7 SINS FORGIVEN: This is another film from India but it has more than a bit of Bollywood in it. Actually it has a bit of just about everything, drama, musical numbers, gothic fantasy, criminal intrigue and a heroine who combines western story traditions of the woman as victim with a common Indian allegory of the cobra woman. The radiant Priyanka Chopra plays a woman who through the course of the film will marry seven husbands. They keep on her. The first is an officious military man who controls her and whips the help on their sprawling horse farm. A Kashmiri Muslim beats and slaps her. A choir singer turned Axl Rose-like rock star succumbs to drugs. A Russian diplomat turns out to be a bigamist. And so on, with each new man bringing on a change of mood and look. An orphan boy who she befriends and crosses paths with over the years narrates the story. There's no message here; just entertaining filmmaking. (Also Sunday)

ON THE LINE: You've noticed the controversy over that new pipeline planned from Alberta to the U.S. Now you can get ready for the next one. Enbridge wants to install a new pipe from near Edmonton to Kitimat to transport tar sands oil to China. The company calls it "an exciting opportunity for northern BC and Alberta." 

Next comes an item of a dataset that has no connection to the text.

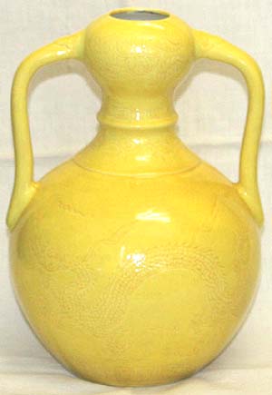 倣明黄釉刻龍文如意耳葫蘆形瓶(現代、AD1990〜2010) |
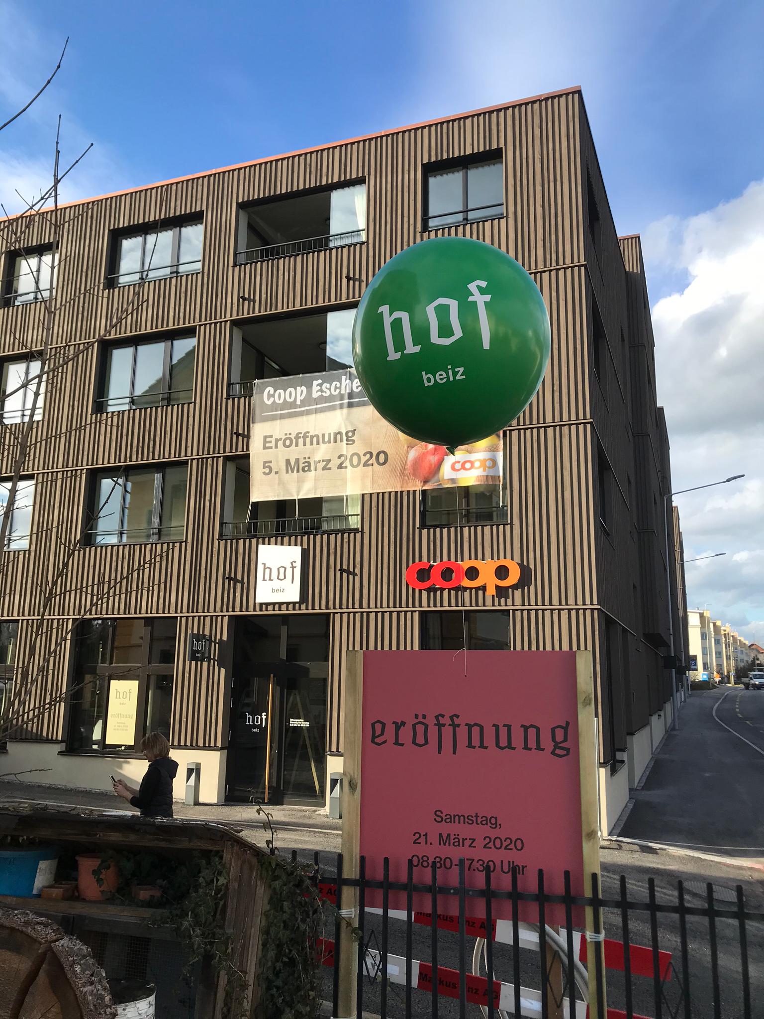 Mit Coop kommt ein grosser Detailhändler nach Eschenbach. Auf über 1000 m2 eröffnet Coop am 5. März 2020 einen attraktiven Supermarkt mit einer grossen Früchte- und Gemüseabteilung. Frische Backwaren, Weine und Getränke sowie ein grosses Angebot an Non-Food-Produkten ergänzen das Sortiment.

Frank Wolf and his pal (and cameraman) Todd McGowan cycled, hiked or kayaked the entire  scenic route and found most people have a far different prediction. A few business types and real estate agents welcome it but farmers, tourist operators and fishermen are terrified. They expect only 37 permanent jobs but a big threat to fish, the landscape and a way of life. Not surprising, since the big spill from an Enbridge pipeline into Michigan's Kalamazoo River had happened just days before. Spectacular landscapes help stimulate our own worries but nothing like the trip’s end point, where supertankers will be coming through a narrow channel and making three sharp turns to get to the ocean. A native fisherman wonders, “Will they re-locate us?”  

 

TASTE THE WASTE: This documentary from Germany (but filmed in several countries) makes a provocative assertion. If Europeans and North Americans stopped throwing away as much food as they do, we could feed the whole world. Yes, including Somalia. I don't know how true that is, but the film assembles some impressive statistics and many shocking pictures. Tons of fresh produce poured into dumpsters. Buns and bread thrown out because the "best before" date is too close for buyers to take a chance. A potato farmers tells how he has to take out and throw away the big and the little ones because people only want spuds of medium size. Cucumbers with a slight bend are tossed. The scenes keep coming.

Eight and a half tons of oranges are destroyed in France and a woman working there recalls her relatives in Cameroon can't even afford to buy oranges. The economics of the world food industry gets a gruelling workover in this film. (Also Sunday and next Tuesday)

Previously recommended: You’ve Been Trumped.